▶ [Brief]
Entries follow. Give back exactly the lines starting at the one containing "L’altro domenicale in" and ending at the one containing "Custom built w/unbelievable", and no other lines.

▶ [Material for this exercise]
-.-.-

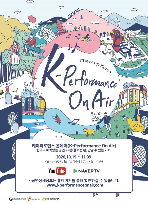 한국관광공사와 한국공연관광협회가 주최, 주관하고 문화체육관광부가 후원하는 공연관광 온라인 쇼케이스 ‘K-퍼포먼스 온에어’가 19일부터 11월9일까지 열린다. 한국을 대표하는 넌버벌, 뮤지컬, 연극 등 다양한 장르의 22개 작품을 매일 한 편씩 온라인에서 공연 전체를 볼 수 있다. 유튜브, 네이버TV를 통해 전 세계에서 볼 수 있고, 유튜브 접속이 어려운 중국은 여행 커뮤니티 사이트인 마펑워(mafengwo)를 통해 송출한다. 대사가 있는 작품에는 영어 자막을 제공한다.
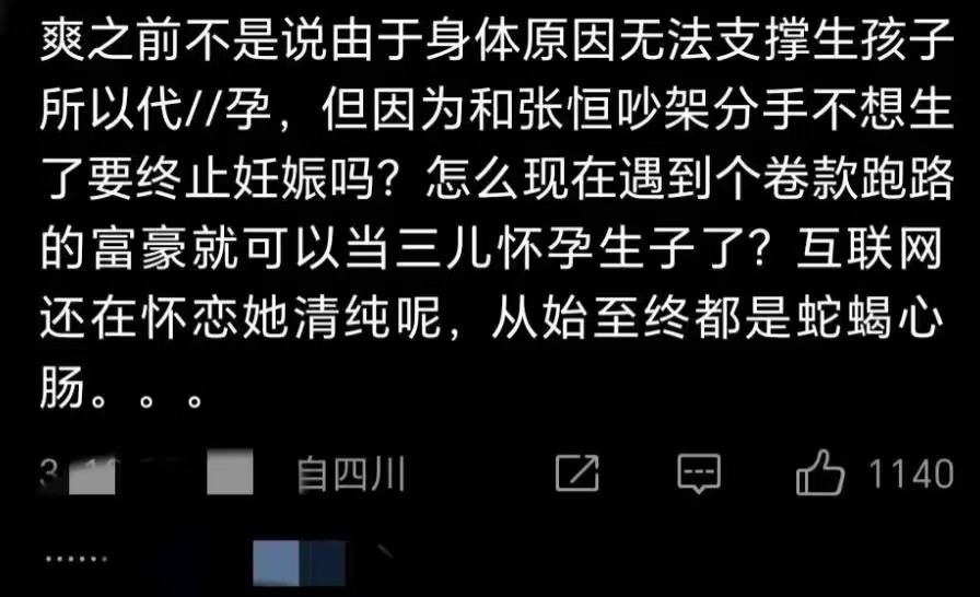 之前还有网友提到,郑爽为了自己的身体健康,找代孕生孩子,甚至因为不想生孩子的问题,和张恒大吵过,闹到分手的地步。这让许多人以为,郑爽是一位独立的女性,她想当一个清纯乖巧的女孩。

-.-.-

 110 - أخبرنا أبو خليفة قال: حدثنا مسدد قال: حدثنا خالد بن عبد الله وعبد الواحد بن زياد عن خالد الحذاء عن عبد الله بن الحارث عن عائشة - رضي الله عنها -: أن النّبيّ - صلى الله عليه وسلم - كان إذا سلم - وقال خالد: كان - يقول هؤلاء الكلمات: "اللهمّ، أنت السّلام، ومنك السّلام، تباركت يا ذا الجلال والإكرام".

-.-.-

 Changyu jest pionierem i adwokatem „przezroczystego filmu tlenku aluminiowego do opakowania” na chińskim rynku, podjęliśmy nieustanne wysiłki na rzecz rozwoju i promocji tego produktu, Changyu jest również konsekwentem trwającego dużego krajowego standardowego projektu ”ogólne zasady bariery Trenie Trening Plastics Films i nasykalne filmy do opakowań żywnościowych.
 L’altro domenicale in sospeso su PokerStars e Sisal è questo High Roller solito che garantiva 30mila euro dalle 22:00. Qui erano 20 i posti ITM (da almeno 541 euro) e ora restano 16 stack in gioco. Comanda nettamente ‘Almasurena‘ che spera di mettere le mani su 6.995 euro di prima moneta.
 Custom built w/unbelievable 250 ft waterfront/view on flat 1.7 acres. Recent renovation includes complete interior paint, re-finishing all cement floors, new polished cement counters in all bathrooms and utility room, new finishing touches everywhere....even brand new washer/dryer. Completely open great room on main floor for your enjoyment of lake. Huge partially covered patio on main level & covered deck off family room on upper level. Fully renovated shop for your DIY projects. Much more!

-.-.-

▶ [Task solution]
 L’altro domenicale in sospeso su PokerStars e Sisal è questo High Roller solito che garantiva 30mila euro dalle 22:00. Qui erano 20 i posti ITM (da almeno 541 euro) e ora restano 16 stack in gioco. Comanda nettamente ‘Almasurena‘ che spera di mettere le mani su 6.995 euro di prima moneta.
 Custom built w/unbelievable 250 ft waterfront/view on flat 1.7 acres. Recent renovation includes complete interior paint, re-finishing all cement floors, new polished cement counters in all bathrooms and utility room, new finishing touches everywhere....even brand new washer/dryer. Completely open great room on main floor for your enjoyment of lake. Huge partially covered patio on main level & covered deck off family room on upper level. Fully renovated shop for your DIY projects. Much more!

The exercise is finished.